Cleveland v. Martin

2023 Ohio 448
CourtOhio Court of Appeals
DecidedFebruary 16, 2023
Docket111495
StatusPublished
Cited by4 cases

This text of 2023 Ohio 448 (Cleveland v. Martin) is published on Counsel Stack Legal Research, covering Ohio Court of Appeals primary law. Counsel Stack provides free access to over 12 million legal documents including statutes, case law, regulations, and constitutions.

Bluebook
Cleveland v. Martin, 2023 Ohio 448 (Ohio Ct. App. 2023).

Opinion

[Cite as Cleveland v.
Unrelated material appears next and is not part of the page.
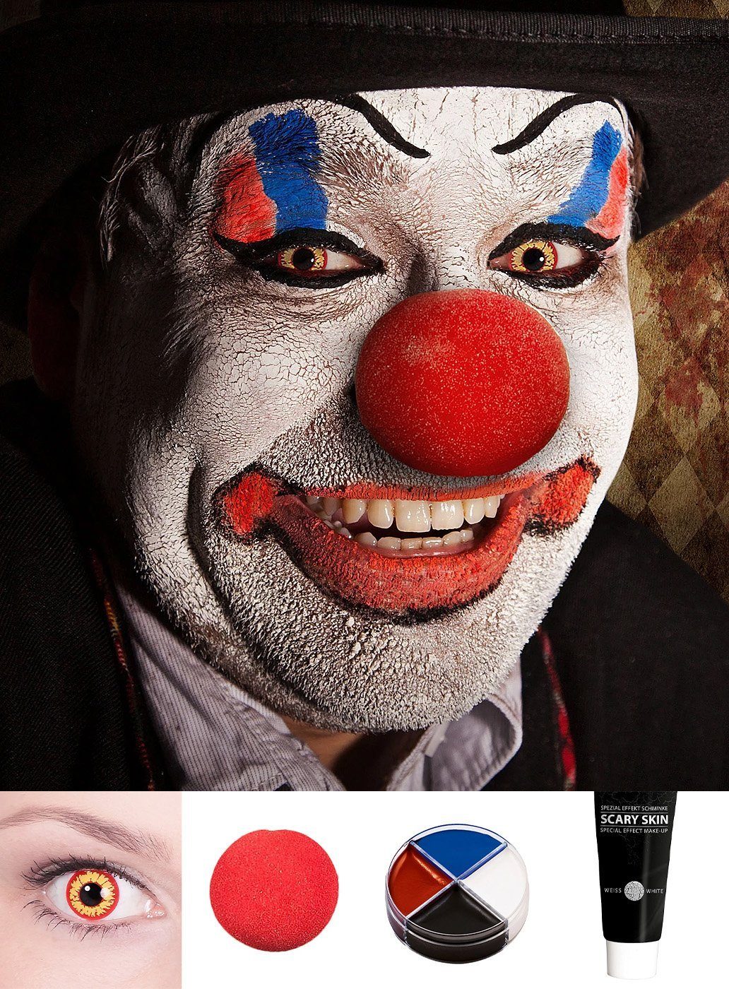 Lieferumfang | - Make-up Set Horror Clown fünfteilig- Creme Make-up- Rote Clownsnase- Scary weiß- ein Paar Kontaktlinsen- ausführliche Anleitung |

Martin, 2023-Ohio-448.]

COURT OF APPEALS OF OHIO

EIGHTH APPELLATE DISTRICT COUNTY OF CUYAHOGA

CITY OF CLEVELAND, :

Plaintiff-Appellee, : No. 111495 v. :

DAISELLE A. MARTIN, :

Defendant-Appellant. :

JOURNAL ENTRY AND OPINION

JUDGMENT: VACATED AND REMANDED RELEASED AND JOURNALIZED: February 16, 2023

Criminal Appeal from the Cleveland Municipal Court Case No. 2021-CRB-008265

Appearances:

Mark Griffin, City of Cleveland Director of Law, and Susan M. Oates, Assistant City Prosecutor, for appellee.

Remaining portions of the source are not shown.